To clarify (or at least try to), I don't consider an automotive design engineer to be an expert on automobile maintenance, solely on the basis of their position or expertise in design. I do consider experienced auto mechanics and service techs to be in a position to know whether FIC is a useful maintenance item. However, as a skeptical sort of person, I tend to look for ulterior motives when evaluating advice, even from those who have the experience and background to be considered an expert in a particular field. As such, I don't trust the Amsoil dealer to give me unbiased advice on FIC. 
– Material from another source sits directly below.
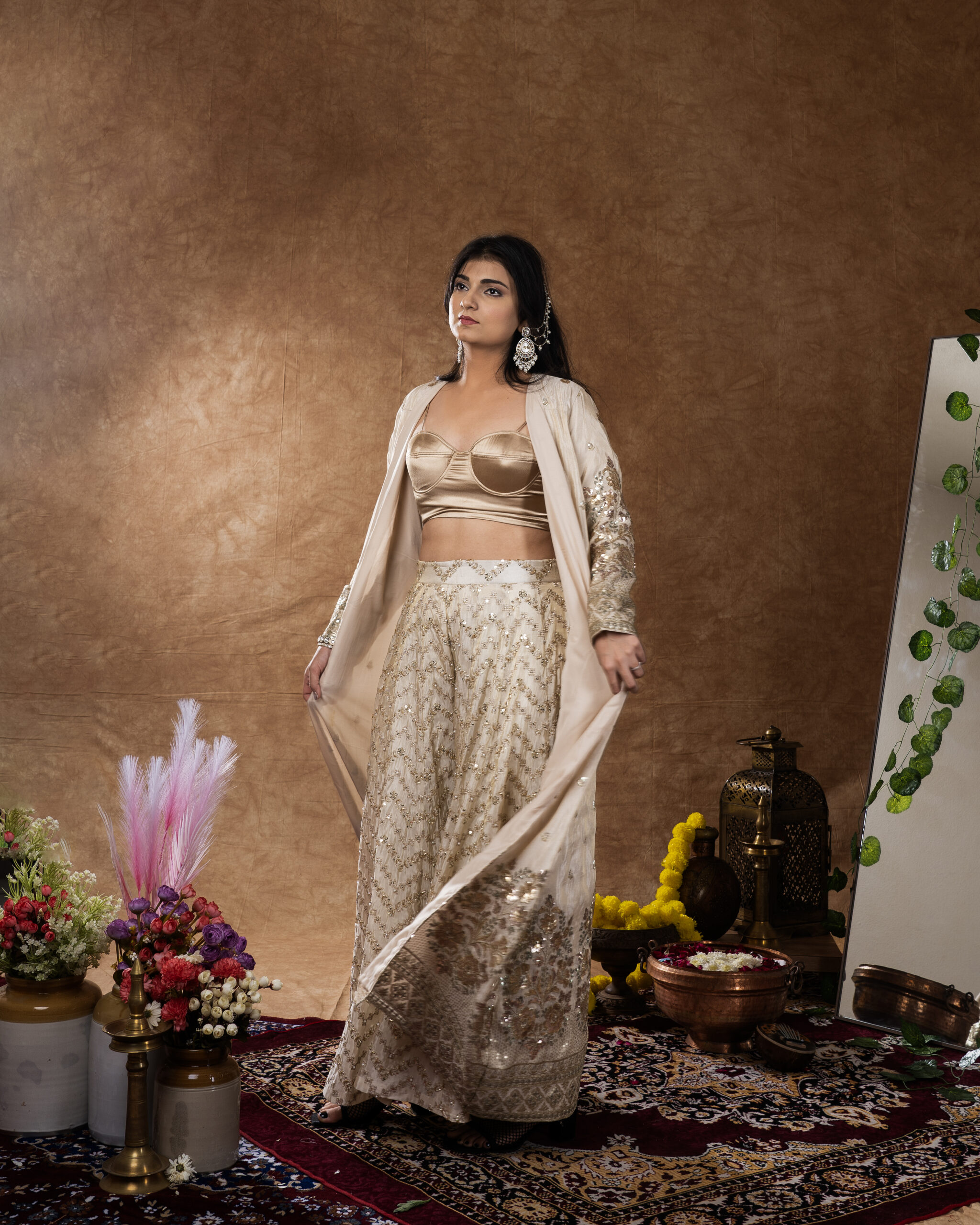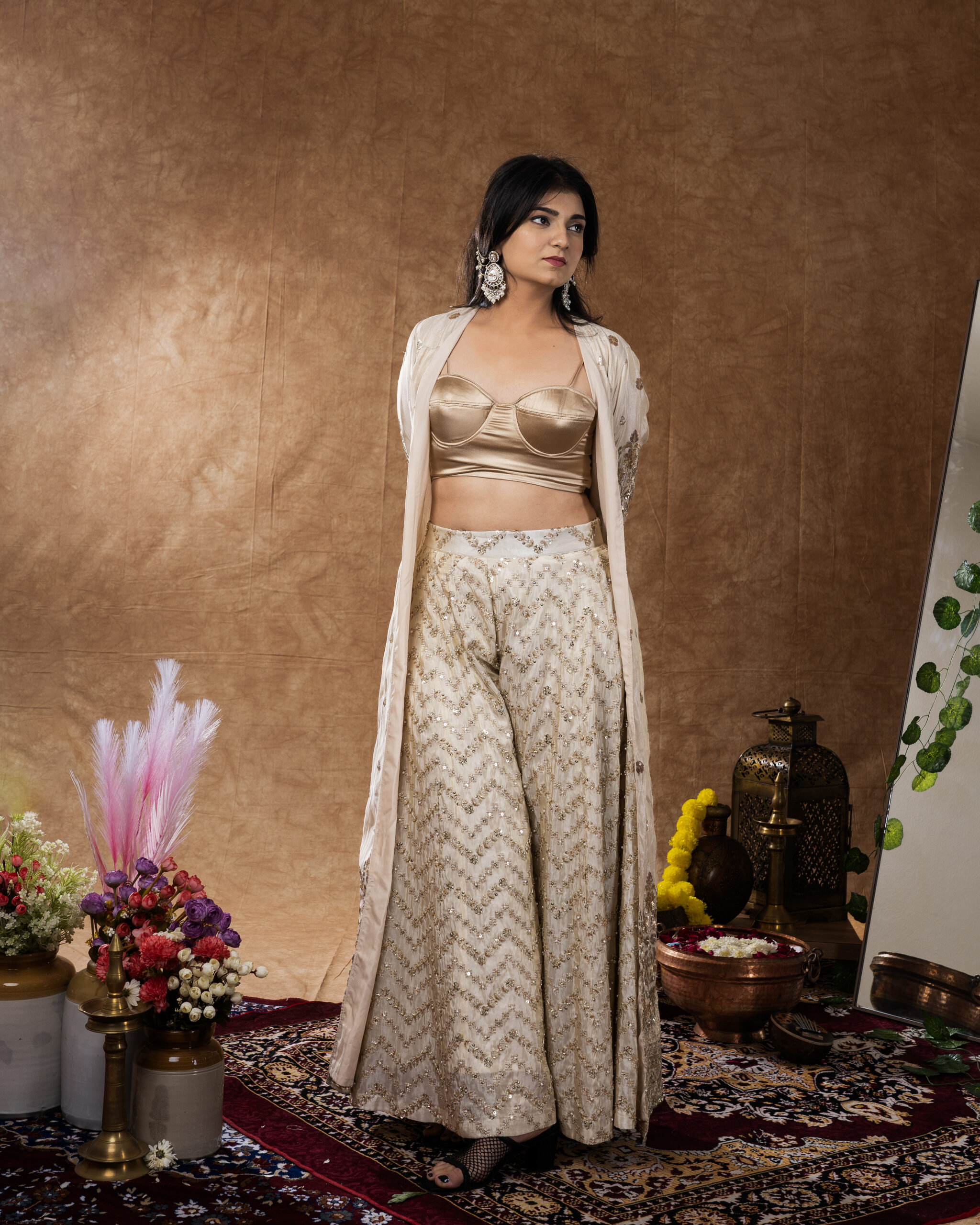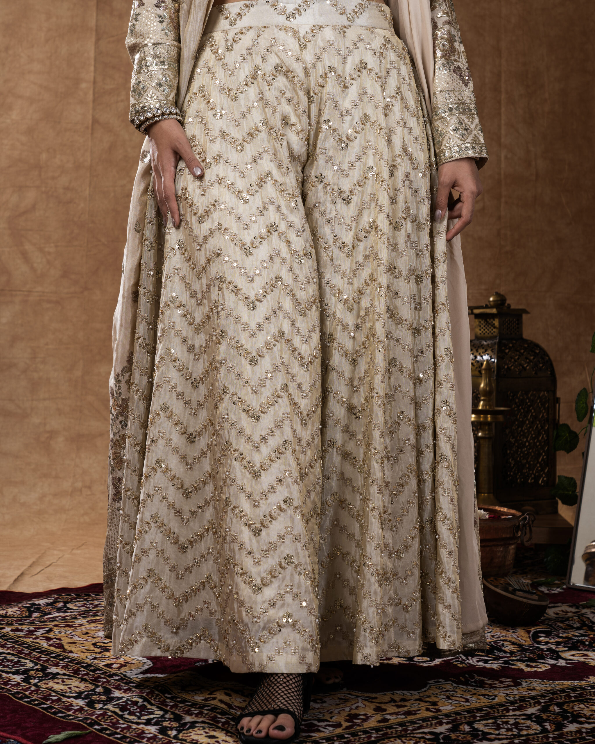 THIS ELEGANT BEIGE SHRUG PAIRED WITH AN EMBROIDERED SHARARA OFFERS A PERFECT BLEND OF GRACE AND MODERN STYLE.

Generally, I'm the only mechanic I trust, so I end up doing pretty much all of the work on my vehicles, which on occasion, has included rebuilding an engine, along with many other repair jobs. I also occasionally do diagnostics and repairs on vehicles for friends and others. All that to say, I know my way around a car engine, and I understand, from my experience and study, a fair bit about how they work. Although I have done probably more than my share of automotive maintenance, I don't consider myself an 'expert' in the field. 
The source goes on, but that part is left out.